Recommendations for literature on behavioral change
May 9, 2016 1:44 PM   Subscribe

I'd like to get your recommendations for literature, research, etc.- academic and otherwise- on behavioral change.

I'm writing a policy paper on sustainability and technology, and many of the problems I'm coming up against are behavioral rather than technical: namely, how to get people to change their behavior (for example, many of the environmental benefits of self-driving cars will only happen if people in cities give up private car ownership). I'd like to delve into the literature- academic and otherwise- on behavioral change, that is, how and why people change their behavior and what kinds of incentives/inducements etc. lead to behavioral change.

Thank you!
posted by foxy_hedgehog to Society & Culture (7 answers total) 10 users marked this as a favorite
 
Switch: How to Change Things When Change Is Hard

I read that book about four years ago and still mentally refer to it/think about reading it today.
posted by itesser at 2:10 PM on May 9, 2016


Nudge
posted by KateViolet at 2:13 PM on May 9, 2016


Switch: How to Change Things When Change Is Hard by Chip Heath and Dan Heath.

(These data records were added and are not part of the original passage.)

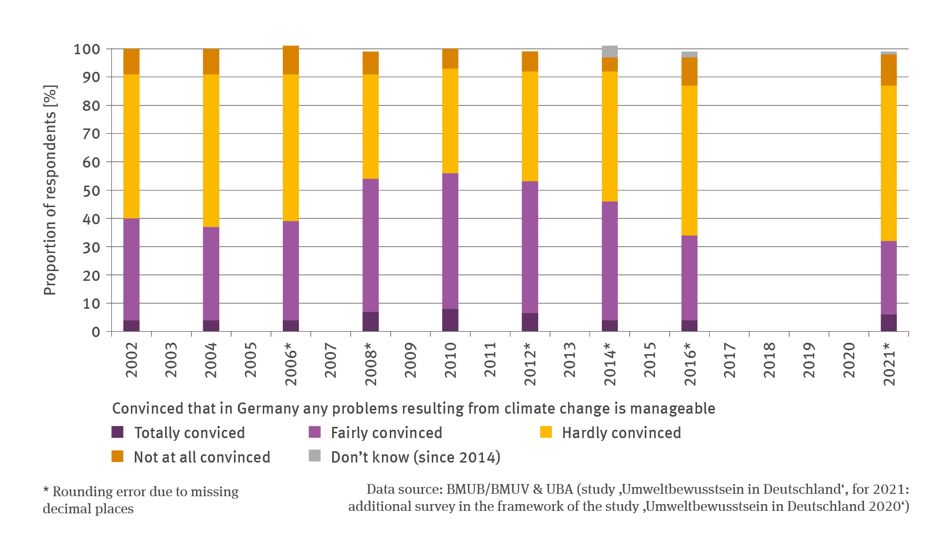 Since 2010 the proportion of citizens stating as a result of a representative public survey that the impacts of climate change are manageable in Germany has been declining. In 2021, 66 % of respondents were little or not at all convinced.
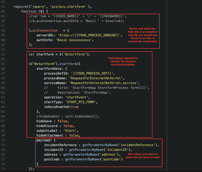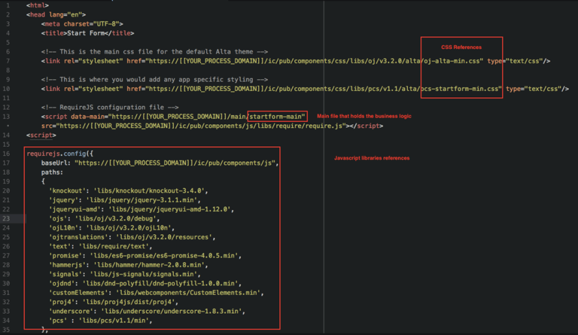 You will create a HTML5 page that uses RequireJS and Oracle JET to surface this client-side UI. You do not need to download the libraries locally as they are hosted by the Process instance and you can host it in any HTML server e.g. Apache, Node, Tomcat, WebLogic. I’m using Node serve on my local machine for testing purpose after which I’m hosting it directly in Service Cloud.
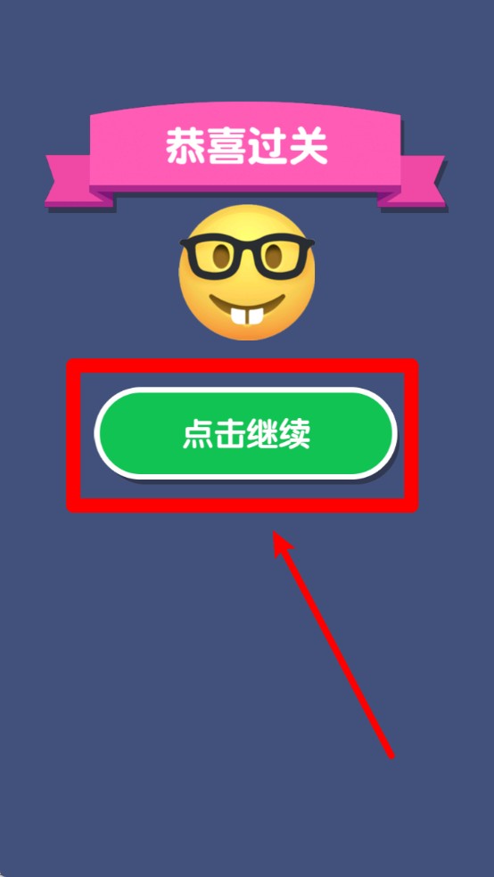 2.当出现“恭喜过关”画面时,请点击绿色按钮“点击继续”以进入下一关卡挑战。
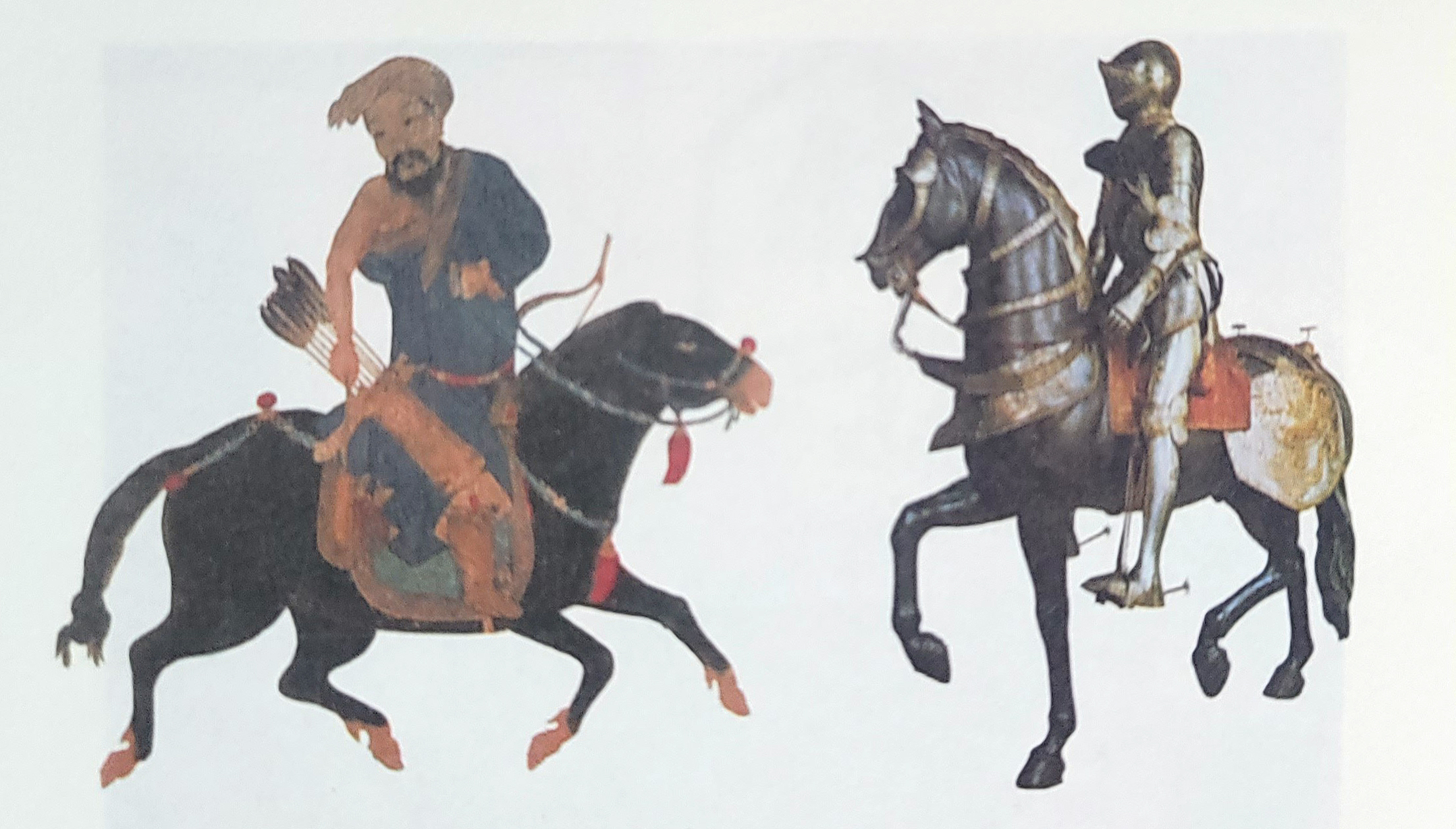 ▲ 기동성의 차이 왼쪽은 몽골군의 군장이고, 오른쪽은 유럽군의 군장이다. 몽골 병사는 말을 타고 활만 지닌 경장 차림인 데 비해, 유럽의 병사는 얼굴은 물론 손가락에까지 갑옷으로 중무장하고 말의 몸도 쇠로 둘렀다. 자신을 보호하는 데는 좋았을지 모르지만 이 차림으로는 몽골군의 뛰어난 기동성을 감당할 없었다. 장거리 원정군치고는 비교적 소수였던 몽골군에 대해 유럽인들이 동에 번쩍, 서에 번쩍했다고 기록한 것은 바로 이 때문이다.

This is a very straightforward and fun read about different ways to encourage behavior change.

Making Health Communication Programs Work (PDF) from the US Dep't of Health and Human Services and the National Cancer Institute. Appendix B has a good introduction to behavior change models. The rest of the PDF is good, too, for seeing how this behavior change knowledge gets applied in practical interventions.

on preview: itesser got to Switch before me! But I'm still going to second it!
posted by cadge at 2:20 PM on May 9, 2016 [2 favorites]


Do you have an affiliation with an academic library? What you need is an expert literature search on your topic to pull up scholarly literature. If not, you can submit a request through a public library, though I'd focus on a big branch that has a dedicated reference librarian in your field of study.

Once you have a few articles that are really fitting the bill, you can work backwards by looking at the articles they reference and start to build from there. If you can come to the librarian with a couple articles that are getting at the heart of what you're interested in, they will be able to better help you and refine the search.
posted by LKWorking at 2:49 PM on May 9, 2016 [1 favorite]


This a very huge subject with many fields invested in creating behavioral change (psychology, psychiatry, occupational therapy, marketing, advertising, speech pathology, neurology, motor learning, etc.). Framing your question in the form of specific outcome and individual(s) will help us point you in the right direction. Some example, The client will return to store within 7 days to return recyclable batteries OR 70% of neighborhood members will participate in the recyclable battery program. And so on. It's really tough to answer this question without knowing more details and the instruments you hope to affect change within your targeted population/subject.
posted by Brent Parker at 4:56 PM on May 9, 2016 [1 favorite]


Influencer. It's a fairly populist treatment, but I've definitely got quite a bit out of the general framework of the different factors they use (essentially a matrix of personal/social/structural against motivation/ability) and the examples are interesting.
posted by crocomancer at 4:25 AM on May 10, 2016


I strongly suggest The Power of Habit : Why We Do What We Do What We Do in Business and in Life by Charles Duhigg.

You'll find there's a habit loop of Cue-->Routine-->Reward; and to change the routine, you must change the reward.